I recently had an interesting conversation with a business owner who was seeking my advisory services to develop a customized compliance training for a small group of his restaurant operators. His purpose in offering the training, which was as a value add for his operators, was solely to keep the “target” (federal, state and local employment and safety laws and regulations) off their backs. It was clear he saw the employees as a potential threat instead of a valuable asset.

This business owner is not alone. Most of the owners, CEOs and entrepreneurs I work with start with the same perception and question: What is the bare minimum I need to do to keep the “target” off my back?

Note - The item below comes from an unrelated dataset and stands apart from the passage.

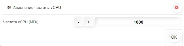 При нажатии кнопки Изменение частоты vCPU в открывшемся окне необходимо указать частоту в МГц, после чего подтвердить операцию, нажав кнопку ОК.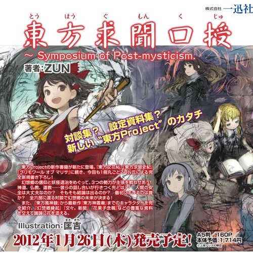 Symposium of Post-mysticism (東方求聞口授, pronounced Touhou Gumon Kuju) is an official Touhou Fanbook that was released on 27 April 2012. The book introduces every character starting from Mountain of Faith to Ten Desires. Other main information is that the three religions, Shinto, Buddhism and Taoism, will be covered. The announcement that ZUN would be releasing a new print work sometime in Winter 2011/2012 was first made by Okonogi in Nikenme Radio's sixteenth episode. ZUN personally did not say anything about it during the interview. The first available news regarding Symposium of Post-mysticism was from Touhou Project Doujin Tsuhan Jouhou website. From the announced news, the book would be... |

If business leaders continue to perpetuate this mindset of protection of themselves rather than protection of the group, our compliance training programs will continue to return little to no positive results. Recent research on the actual impact of anti-sexual harassment training programs found, not surprisingly, that traditional compliance-based anti-harassment programs resulted in no positive impact or behavior change. A deep, wide and perpetual gap exists between intent and impact.

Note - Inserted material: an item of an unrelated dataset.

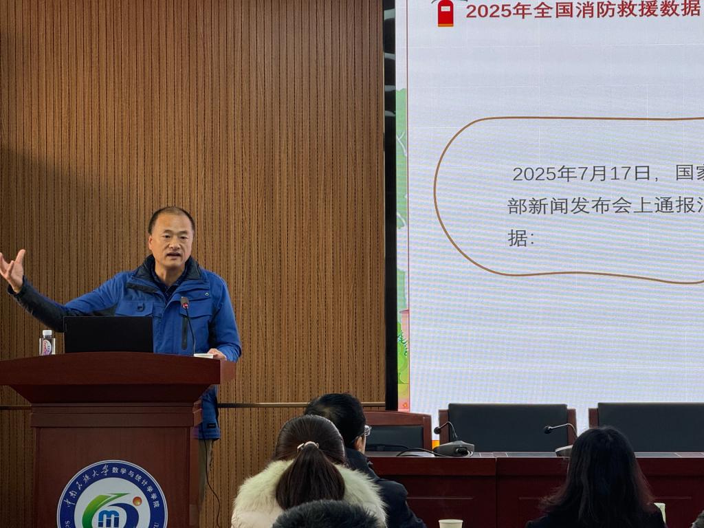 为持续筑牢校园安全防线,切实增强教职工消防安全意识与应急处置能力,12月18日下午,数学与统计学学院在9号楼309会议室举行消防安全专题培训。学院党委书记郭晖主持会议,学校保卫处副处长朱溢应邀担任主讲,全体教职工参加培训并参与消防演练。

Reversing the psychology behind our purpose for compliance training is essential if we want to close the gap between intent and impact. Doing so means that first, we must change our intent, which will alter our approach and drive results.

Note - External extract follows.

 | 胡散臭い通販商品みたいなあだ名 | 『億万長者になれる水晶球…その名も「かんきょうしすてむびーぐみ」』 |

Try using this approach next time you design a compliance training program: Offer compliance training because your employees are valuable assets and, more simply, because they are humans. By altering your intent from managing a threat to valuing the human, everything changes. When you value an individual by caring for him or her, your perspective shifts from, “How do I tell them what not to do” to, “How do I get my team (or company of employees) to look out for (and protect) one another?”

This approach works partly because it enlists people in the solution — but I believe there is a more intrinsic and meaningful reason it is effective. When we approach and conduct compliance training with commonality of purpose and respect for people and their strengths and uniqueness, we naturally feel compassion, empathy and equality for the group. Hence, we start to care for our colleagues on a new level.

When we go to work, our needs and behaviors do not change from when we are at home. We remain human, and we need to be treated as such.

Reverse the psychology in your approach to compliance training, and promote a mindset shift. Encourage your executive leadership teams and business owners to view their employees as valuable assets, not as threats. Your training programs, and their outcomes, will be exponentially more effective.